Acresce-se a isso, a contribuição dos estudos de tradução que tangem o
conceito e adaptação e intertextualidade, uma vez que na passagem para um novo
gênero, Chico Buarque opta, concomitantemente, pela recusa ou abandono das livres
adaptações, isto é, do abrasileiramento de temas e light motif clássicos ou modelares.
Em que medida este procedimento aproxima-se ou distancia-se de um certo ufanismo
no tom e tratamento da cultura brasileira e dos ideais socioculturais e políticos
defendidos pelo autor?
Há conceitos socioculturais, entretanto, que dispõem acerca de um projeto de
construção ou cultivo/construção da identidade do Brasil e do brasileiro.
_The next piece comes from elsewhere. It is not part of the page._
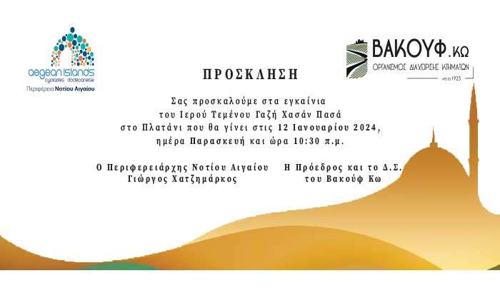 Share Facebook Twitter LinkedIn Pinterest Email Σας προσκαλούμε στα εγκαίνια του Ιερού Τεμένους Γαζή Χασάν Πασά στο Πλατάνι που θα γίνει στις 12 Ιανουαρίου 2024, ήμερα Παρασκευή και ώρα 10:30 π.μ. Με εκτίμηση, Κοτζαογλάν Ελβάν Πρόεδρος του Βακούφ Κω Τηλ. επικοινωνίας: 22420 22436 ΒΑΚΟΥΦ Κω

Do acento local
à pretensão de universalidade em sua obra literária, o autor poderia traçar o caminho
correto, tanto quanto o oposto e , até mesmo os desvios. É necessário verificar, por
exemplo, se a peça Calabar: o elogio da traição tem, de fato, mais brasilidade do que o
romance Budapeste, pelo simples detalhe de aquela retratar um herói (?) brasileiro e
este refletir também sobre a língua da Hungria.
Tal investigação sistemática também vai considerar os aspectos culturais e do
imaginário brasileiro com suas complexas diversidades, além dos aspectos ideológicos
e filosóficos envolvidos.
Analisar o percurso poético na obra de Chico Buarque, numa perspectiva que
elege como ponto de partida a trivalência música-teatro-palavra, o que pretendo
desenvolver como tese de doutoramento, apenas abre mais uma entre as pertinentes e
possíveis leituras da literatura do escritor carioca.
2- Objetivos:
O objetivo deste projeto é analisar o percurso da obra literária de Chico Buarque
na perspectiva de depreender uma certa autonomia poética do autor. Especificamente,
o estudo deste percurso deverá avaliar: a relevância da obra literária de Chico Buarque
na construção de conceitos culturais como o de brasilidade; a idéia de adaptação
literária como recurso intertextual, inclusive, no que diz respeito a afastamento e
aproximação das fontes; a influência e concomitância da produção musical desse autorcompositor; bem como os elementos que norteiam a atual discussão acerca da
permeabilidade dos gêneros e da simbiose autor/narrador/personagem.
3- Metodologia
Por tratar-se de uma pesquisa bibliográfica, as fontes primárias deste trabalho
são as quatro peças teatrais, uma novela e os três romances de Chico Buarque.
Portanto, pretende-se empreender um levantamento de aspectos que compõem essa
poética, tendo como ponto de partida, por evidência cronológica, a obra teatral, que
compreende as peças: Roda viva (1968), Calabar: o elogio da traição (1974), Gota
d’água (1975), Ópera do malandro (1978). Os aspectos poéticos serão, em seguida,
investigados na prosa do autor, tendo-se, portanto, como parâmetros para a
comparação de tal percurso, uma primeira experiência na prosa do autor, a saber
Fazenda modelo: uma novela pecuária (1974), e, mais posteriormente, os romances:
Estorvo (1981), Benjamim (1995) e Budapeste (2003), esses últimos, como ponto de
chegada da análise. Serão realizados cotejos dos textos em referência e o
levantamento do contexto sócio-histórico-político e cultural das obras primárias, a fim de
perceber as influências a que elas foram expostas.